Home Rule: A greater local voice

February 03, 2008

To the editor:

The Board of County Commissioners presented the Washington County delegation with their list of priorities for the 2008 session of the General Assembly at a joint meeting on Nov. 27. The minutes of that meeting reflect a list of 13 priority issues.

The commissioners need such a list in order to request the delegation's help in getting legislation of a purely local nature passed by the General Assembly. The commissioners do not have the legal authority under our current form of local government to do so. Why? Washington County remains one of only eight counties that continue to operate under the commissioner form of government, where powers over local affairs are the most restrictive.

Assuming the citizens of Washington County approve the Charter on Feb. 12, the county council (the name of the commissioners under charter home rule) will have the legal authority to address eight of these 13 legislative priorities. Not only will the delegation not have to deal with these issues, but the county council can act when appropriate, and not be limited to those times when the General Assembly is in session.


Examining this list through the lens of charter home rule, the council will have control over the content and condition of the county code. The council could:

· Revise enabling legislation and oversee development of regulations regarding building codes - specifically, the electrical and construction code can be kept more current.

· Act to define the duties and responsibilities of key local employees without assistance of the General Assembly.

· Adopt local laws. Thus, the issues of legislation governing special events and assemblies, commercial vehicle parking on public residential streets or sidewalks would be addressed by the county council and not the General Assembly.

· Revise laws governing our financial management practices where the enabling legislation, originally passed by the General Assembly for us, is outdated. Specifically, being able to revise some of the enabling laws thus allows the council to change procurement practices.

This is not to say that the council will have unlimited authority. Contrary to arguments offered by opponents of home rule, the council will have no additional authority to revise tax laws or raise county expenditures beyond that currently held by the county commissioners. Other legislative areas such as gaming and alcohol control remain solely the responsibility of the state.

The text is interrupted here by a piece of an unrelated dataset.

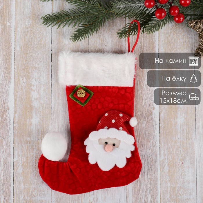 Носок для подарков «Помпошка» Дед Мороз в колпаке, 15×18 см, красный

Under charter home rule, the remaining five legislative issues would still require the assistance of the delegation, because these may be addressed only by the General Assembly. These five issues are:

· Legislation regarding the calculation and application of the building excise tax.

· Legislation to clarify and tighten the definition of tip jars.

· Support continued funding, organization and structure of local management boards.

· Monitor the impact of the Chesapeake Bay 2010 Fund on local government.

· Livery service fees for delivery of bodies to the State Medical Examiner for autopsies.

Which part of government is best equipped to resolve these matters? I argue that the General Assembly is not the place where these somewhat routine matters of a strictly local nature should be addressed. According to Del. Rick Weldon, R-Frederick/Washington, the General Assembly refers to these types of laws as "nuisance" laws, since they are purely local in nature and aren't important as statewide issues.

I urge the citizens of Washington County to vote to adopt charter home rule. Charter will result in the ability to address local issues in a much more timely fashion. In addition, charter will allow these issues to be addressed locally under the eye of all of us, not just those with the time and interest to watch the process in Annapolis.

Vote yes for charter home rule. It's your government and your choice.